◆ **Raw data**
++++++++++

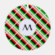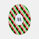 A tiled design using the African American Flag or the Flag of the African Diaspora. A round circle of white squiggly squares has a place for an initial so you can personalize this round metal ornament with the design on both sides.
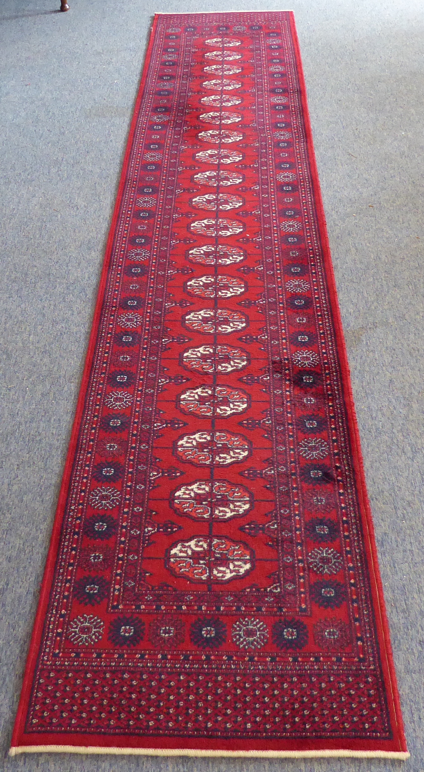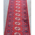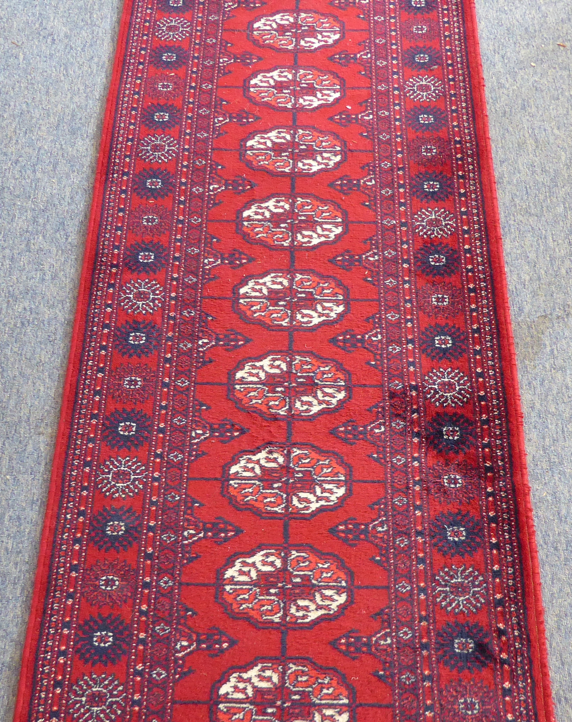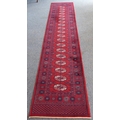 A red ground machine-made Persian-style runner with gul pattern (365 x 69 cm)
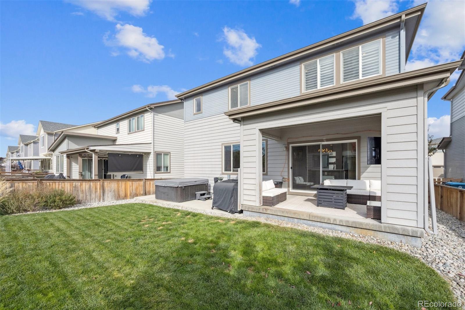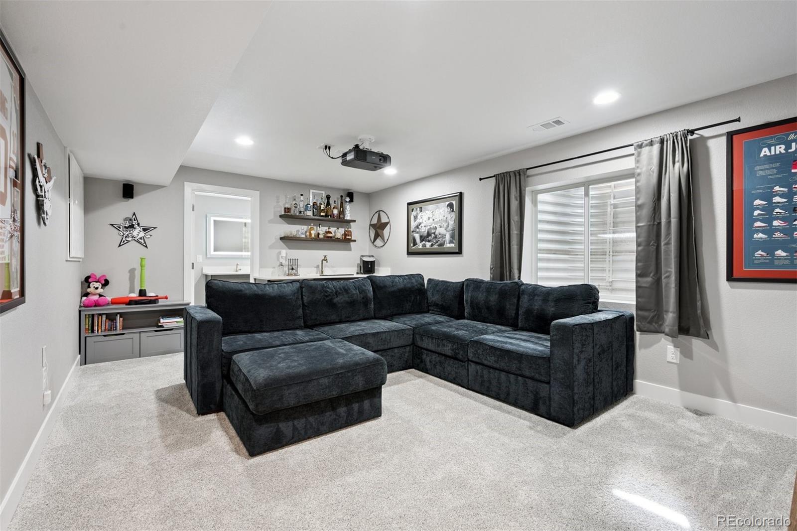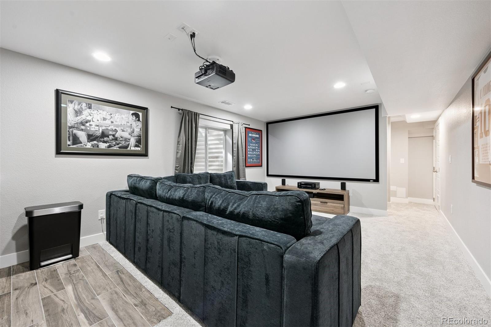 Welcome to this elegant contemporary home in the highly sought-after Reunion community, offering parks, lakes, and a state-of-the-art recreation center with basketball courts, fitness facilities, a kids’ center, and pools. The inviting covered front porch leads into a bright open layout with 9’ ceilings, laminate hardwood flooring, modern lighting, and ceiling fans in the living room and master bedroom. The kitchen features a large island with quartz countertops, shaker-style cabinets with soft-close doors and drawers, high-end appliances including a GE 5-burner gas stove and oven and an upgraded LG refrigerator. Plantation shutters enhance the bathrooms and master bedroom, while modern/industrial lighting, canned lighting, and dimmer switches create ambiance throughout. Downstairs, enjoy an incredible finished basement designed for entertaining—whether it’s game night, movie marathons, or hosting friends, this basement offers a wet bar with a 179-can or 46-bottle wine and beverage refrigerator, elegant 3/4 bath, and a negotiable home theater system with 120” screen, 4K projector, and surround sound. Once Upstairs, enjoy a spacious loft that provides versatile space for an office, gaming, or recreation. The backyard is a true retreat featuring a 6-person hot tub with LED lighting and Bluetooth speakers, a 9’ x 15’ covered patio, meticulous landscaped yard with large built-in planter boxes and 6-zone irrigation sprinkler system. Additional outdoor features include the customizable JellyFish exterior lighting system. Other highlights include an oversized 2-car garage with epoxy flooring, keyless front door, Navien tankless water heater, water softener, large crawl space for storage, a fully integrated Ring camera system covering the front door, garage, and backyard/sliding glass door. This exceptional property combines contemporary elegance, high-end finishes, and thoughtful upgrades for style, functionality, and ultimate comfort. Come make this house your home!
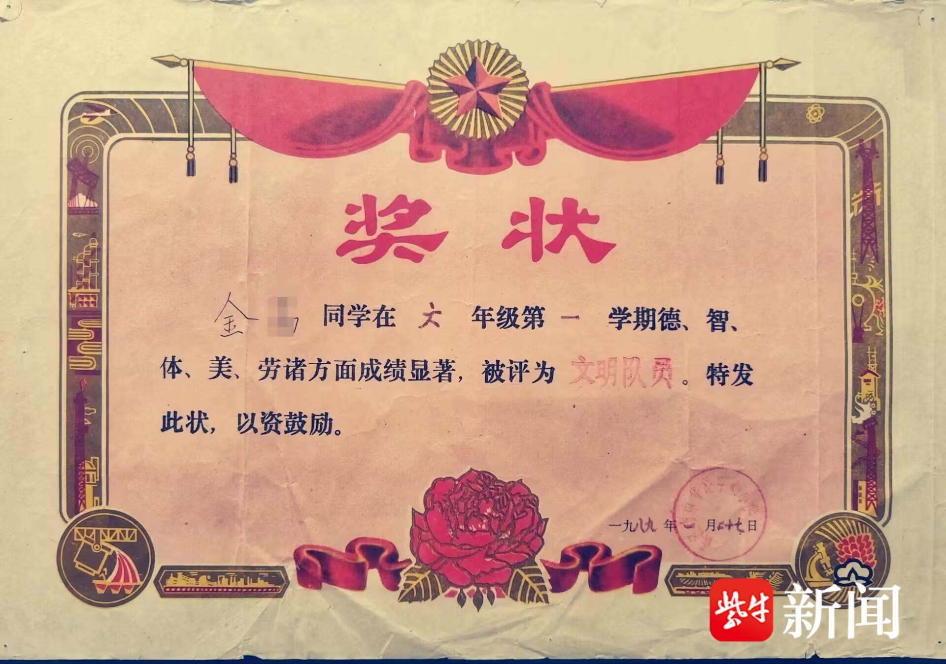 故事的缘起,是收藏爱好者戴先生一次偶然的发现。不久前,他在整理藏品时,被一张百年老校中华路小学六年级优秀队员的奖状吸引住了目光,奖状边缘虽有些磨损,字迹却依然清晰,纸面上的写着“金XX同学在六年级第一学期,德、智、体、美、劳诸方面成绩显著,特发此证,以资鼓励。”落款日期1989年1月27日。奖状的四周有图钉钉过的圆形印记,想必当初家里应该是把奖状钉在显眼的地方的,既是家庭的荣耀,也是激励自己的动力。

++++++++++

◆ **Instructions for the task**
Copy each line above exactly, with no images.

◆ **Response box**
 A tiled design using the African American Flag or the Flag of the African Diaspora. A round circle of white squiggly squares has a place for an initial so you can personalize this round metal ornament with the design on both sides.
 A red ground machine-made Persian-style runner with gul pattern (365 x 69 cm)
 Welcome to this elegant contemporary home in the highly sought-after Reunion community, offering parks, lakes, and a state-of-the-art recreation center with basketball courts, fitness facilities, a kids’ center, and pools. The inviting covered front porch leads into a bright open layout with 9’ ceilings, laminate hardwood flooring, modern lighting, and ceiling fans in the living room and master bedroom. The kitchen features a large island with quartz countertops, shaker-style cabinets with soft-close doors and drawers, high-end appliances including a GE 5-burner gas stove and oven and an upgraded LG refrigerator. Plantation shutters enhance the bathrooms and master bedroom, while modern/industrial lighting, canned lighting, and dimmer switches create ambiance throughout. Downstairs, enjoy an incredible finished basement designed for entertaining—whether it’s game night, movie marathons, or hosting friends, this basement offers a wet bar with a 179-can or 46-bottle wine and beverage refrigerator, elegant 3/4 bath, and a negotiable home theater system with 120” screen, 4K projector, and surround sound. Once Upstairs, enjoy a spacious loft that provides versatile space for an office, gaming, or recreation. The backyard is a true retreat featuring a 6-person hot tub with LED lighting and Bluetooth speakers, a 9’ x 15’ covered patio, meticulous landscaped yard with large built-in planter boxes and 6-zone irrigation sprinkler system. Additional outdoor features include the customizable JellyFish exterior lighting system. Other highlights include an oversized 2-car garage with epoxy flooring, keyless front door, Navien tankless water heater, water softener, large crawl space for storage, a fully integrated Ring camera system covering the front door, garage, and backyard/sliding glass door. This exceptional property combines contemporary elegance, high-end finishes, and thoughtful upgrades for style, functionality, and ultimate comfort. Come make this house your home!
 故事的缘起,是收藏爱好者戴先生一次偶然的发现。不久前,他在整理藏品时,被一张百年老校中华路小学六年级优秀队员的奖状吸引住了目光,奖状边缘虽有些磨损,字迹却依然清晰,纸面上的写着“金XX同学在六年级第一学期,德、智、体、美、劳诸方面成绩显著,特发此证,以资鼓励。”落款日期1989年1月27日。奖状的四周有图钉钉过的圆形印记,想必当初家里应该是把奖状钉在显眼的地方的,既是家庭的荣耀,也是激励自己的动力。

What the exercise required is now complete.